Monday, June 15, 2009

Breaching China’s Green Dam

Our computers
Chinese authorities are having to grapple with more bad publicity for the “Green Dam-Youth Escort” software that Beijing wants to see included with all PCs sold in China from July 1.
Researchers at the University of Michigan have discovered major security vulnerabilities in the Internet filtering software, according to this report. The authors say that initial testing of version 3.17 of the Green Dam software found serious security holes, which the authors attributed to programming errors.

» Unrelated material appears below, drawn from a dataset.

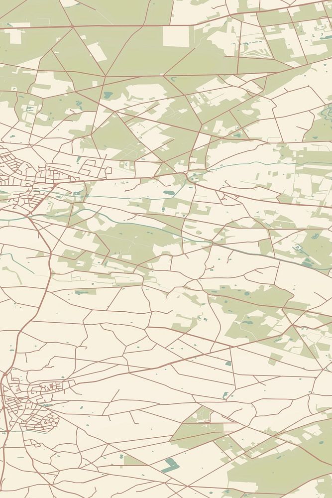 Carte rétro de Vorden, située dans l'Achterhoek, dans la commune de Bronckhorst, province de Gelderland. La carte montre les routes publiques, les cours d'eau (lacs, ruisseaux et fossés) et les forêts dans et autour de Vorden. En outre, la carte contient les coordonnées de Vorden.

Worryingly, the report said that once the software is installed, “any Web site the user visits can exploit these problems to take control of the computer. This could allow malicious sites to steal private data, send spam, or enlist the computer in a botnet [a group of software robots that run without a computer owner's knowledge].”

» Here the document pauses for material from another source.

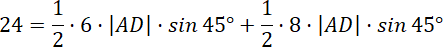Wyznacz pole trójkąta ABC na dwa różne sposoby, a następnie przyrównaj i wyznacz długość dwusiecznej.

The researchers also said that there are security weaknesses in how Green Dam updates its blacklists of Web sites to filter out, which “could allow the software makers or others to install malicious code during the update process.”
Noting that these problems were found in under 12 hours of testing, the authors suggest that there may be other issues yet to be identified. The report also links to the several decrypted data files of word lists relating to pornography and the banned Falun Gong sect, adding to concerns that the software could be used for purposes other than blocking pornography.
Then there’s the contingent of increasingly vocal Chinese Internet users expressing their opposition to the Green Dam project. At midnight, an online petition was launched to protest pre-installation of the software and calling for an investigation into the procurement process (in Chinese here). At the time of this writing, it had collected over 1,200 e-signatures and many indignant comments, such as “I don’t want to live in 1984″ and “Garbage software! Garbage policy!”
Other Web users prefer to subvert Green Dam through mockery. One pun that has been making the rounds substitutes the words for Green Dam (绿坝, pronounced lüba in Mandarin) with homophones that translate as “filter bully” (滤霸) or “donkey king” (驴霸). Internet users have also taken to replacing standard greetings such as “Have you eaten yet?” with “Have you Green Dammed today?”
“Youth Escort” has also become something of an Internet catchphrase, meaning to block, filter out, or shut someone up. As in “Stop talking like that, or I’ll ‘youth escort’ you!”